Les pertes d'emplois sont déjà massives et, selon les prévisions et les études, elles vont se poursuivre. De nombreux fournisseurs de taille moyenne et des sites situés dans des régions économiquement défavorisées voient leur existence menacée par la délocalisation des chaînes de valeur et la pression sur les marges exercée par les équipementiers. Les experts estiment que jusqu'à 100 000 emplois pourraient être perdus dans l'ensemble du secteur des fournisseurs d'ici 2030, et une vague de faillites parmi les fournisseurs de taille moyenne et les plus petits n'est pas à exclure.
Quels sont les secteurs de l'industrie automobile particulièrement touchés ?
Les fabricants traditionnels de composants pour moteurs à combustion et ingénierie mécanique sont les plus durement touchés. Mais des réductions drastiques sont également observées dans les secteurs des solutions énergétiques et de la propulsion électrique. Les sites du sud de l'Allemagne, tels que Stuttgart-Feuerbach, Schwieberdingen et Waiblingen, ainsi que Bühl et Homburg, sont au cœur de cette restructuration.
En lien avec ceci :
- Chine, États-Unis, Union européenne : comment votre entreprise peut réussir dans un monde multipolaire
Rôle de la mobilité électrique et des infrastructures de recharge
Quel rôle joue le développement de l'électromobilité, et quel est l'état de l'infrastructure de recharge ?

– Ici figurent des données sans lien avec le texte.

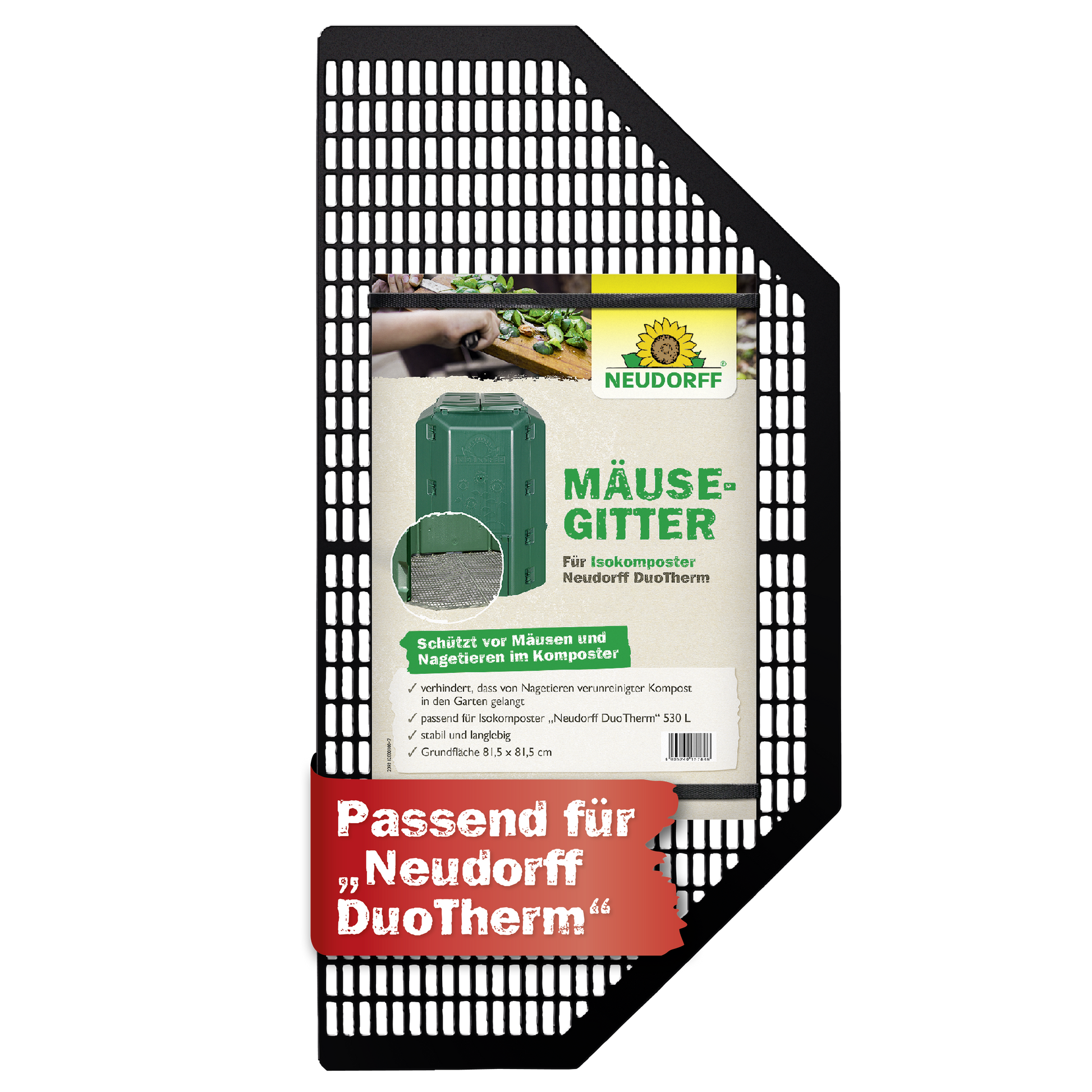 Das Mäusegitter aus stabilem, langlebigen Kunststoff verhindert, dass Nagetiere aus dem Erdreich in das Kompostgut gelangen und es verunreinigen. Das Bodengitter passt mit den Maßen 81,5 cm x 81,5 cm perfekt für den Thermokomposter „Neudorff DuoTherm“ 530 L.
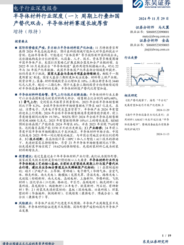【东吴证券】【20241129】半导体材料行业深度(一):周期上行叠加国产替代双击,半导体材料赛道长坡厚雪-19页
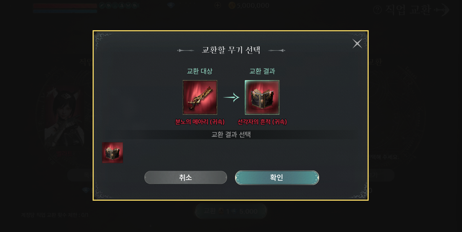 ⓘ 교환 대상 무기는 1개만 선택 가능하며, 교환 결과 무기는 마도서 무기만 선택 가능합니다.
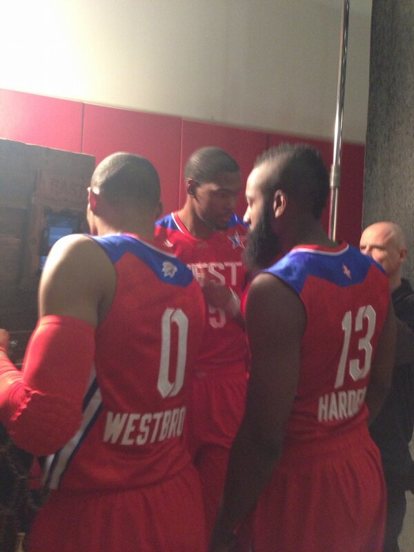 The West all-stars at the NBA Twitter mirror before the game in Houstonpic.twitter.com/ZWAQgpyX
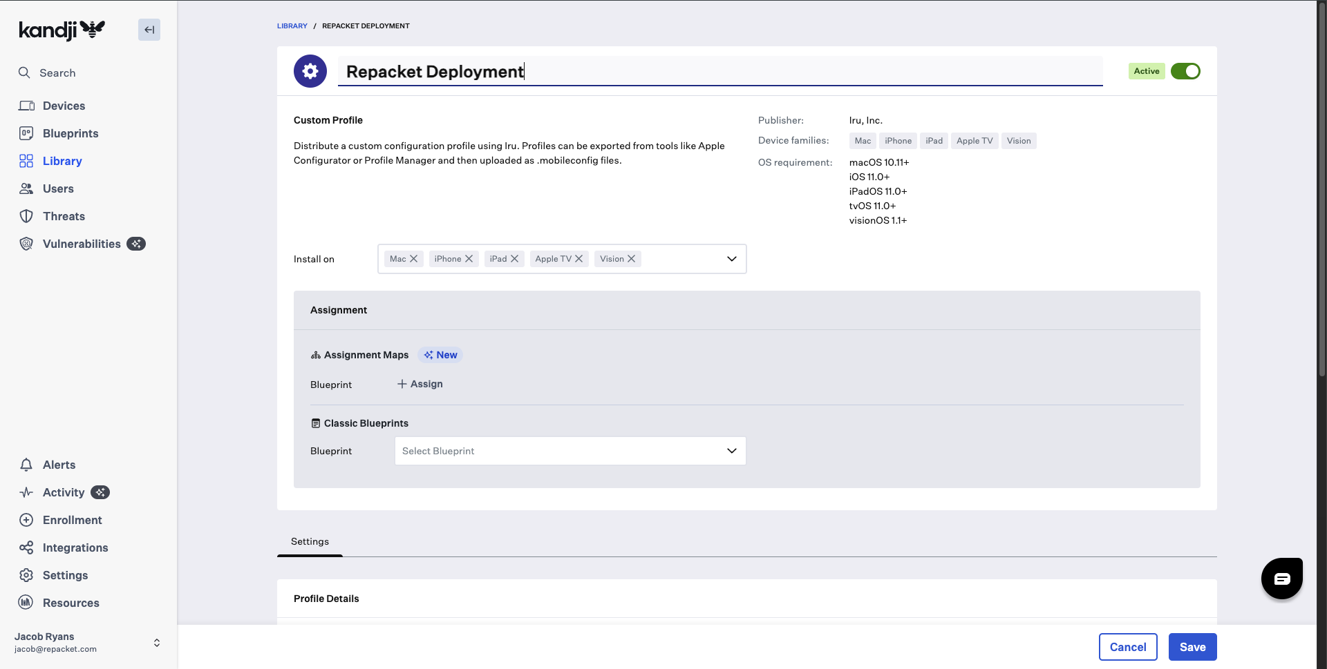 - Devices in the scoped Blueprints will first receive the Repacket profile (certificate, system extension, VPN, and privacy permissions).
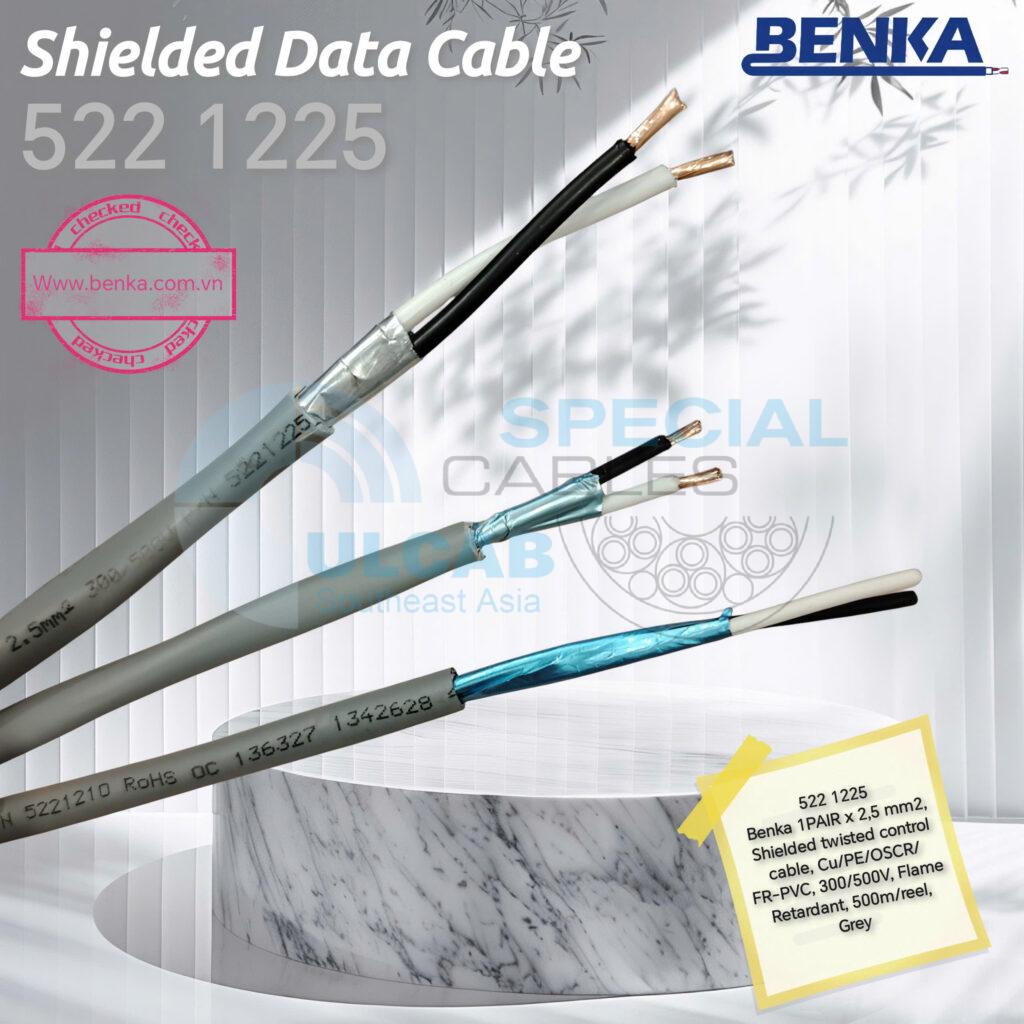 Dây cáp điện và điều khiển tín hiệu vặn xoắn chống nhiễu BENKA 522 1225 được sử dụng dây dẫn bằng Đồng trần mềm, bện nhiều sợi, cấp mềm CLASS 5, Size: 1Pair x 2.5mm2, Cách điện (Insulation): Polyethylene (PE), 2 lõi xoắn thành 1 cặp (1 Pair) với hai màu đen + trắng, Lớp chống nhiễu / màn chắn (Overall screen): Băng nhôm (Aluminium foil) bao phủ 100%, Vỏ ngoài (Outer sheath): FR-PVC Màu Xám. chắc chắn, có thể chống chịu tốt các tác nhân từ ngoài môi trường, thích hợp với mọi môi trường trong nhà, cáp cho dự án công trình nhà máy và tòa nhà.

L'attention politique et médiatique portée à la transition vers l'électromobilité est considérable, mais de nombreux obstacles persistent : après la fin des incitations à l'achat, la demande de voitures électriques a d'abord chuté, avant de se stabiliser quelque peu à partir de 2025. Le gouvernement allemand s'est fixé pour objectif d'installer environ un million de bornes de recharge en Allemagne d'ici 2030. À ce jour (août 2025), on compte environ 170 000 bornes publiques, dont près de 40 000 bornes de recharge rapide. Cependant, nombre de ces bornes sont actuellement sous-utilisées, et le développement de l'infrastructure de recharge progresse beaucoup plus vite que les ventes de véhicules. Il en résulte un double dilemme : d'une part, le développement de l'infrastructure de recharge est considéré comme crucial pour la réussite de cette transition, et d'autre part, on constate actuellement un manque d'incitations à la demande, telles que des primes à l'achat ou des allégements fiscaux.
Combien de nouvelles immatriculations de véhicules électriques à batterie (VEB) y a-t-il actuellement, et combien sont prévues pour les années à venir ?
Au premier semestre 2025, environ 250 000 nouvelles voitures électriques ont été immatriculées en Allemagne, soit près de 18 % des nouvelles immatriculations. Pour l’ensemble de l’année, les experts prévoient plus d’un demi-million de nouvelles voitures électriques à batterie et jusqu’à 800 000 véhicules électriques au total. Les prévisions estiment que d’ici 2030, onze millions de véhicules électriques à batterie pourraient circuler sur les routes allemandes.
Critique de la réglementation et du choix technologique
La crise est-elle en partie « endogène » ?
Oui, de nombreux acteurs du monde des affaires et de la politique estiment que la situation générale est aggravée par l'approche particulière de l'Allemagne et de l'Europe. Un déséquilibre marqué dans la réglementation et la promotion de l'innovation, conjugué à des taxes, des prélèvements et des charges administratives élevés, a nui à la capacité d'adaptation du secteur. De nombreux autres pays, comme la Chine, les États-Unis et le Japon, adoptent une approche technologiquement neutre et continuent d'autoriser plusieurs concepts de propulsion. En Allemagne et en Europe, l'engagement en faveur d'une technologie de propulsion unique est perçu par de nombreux acteurs comme une erreur qui a fait perdre un temps précieux à la transformation et à l'innovation.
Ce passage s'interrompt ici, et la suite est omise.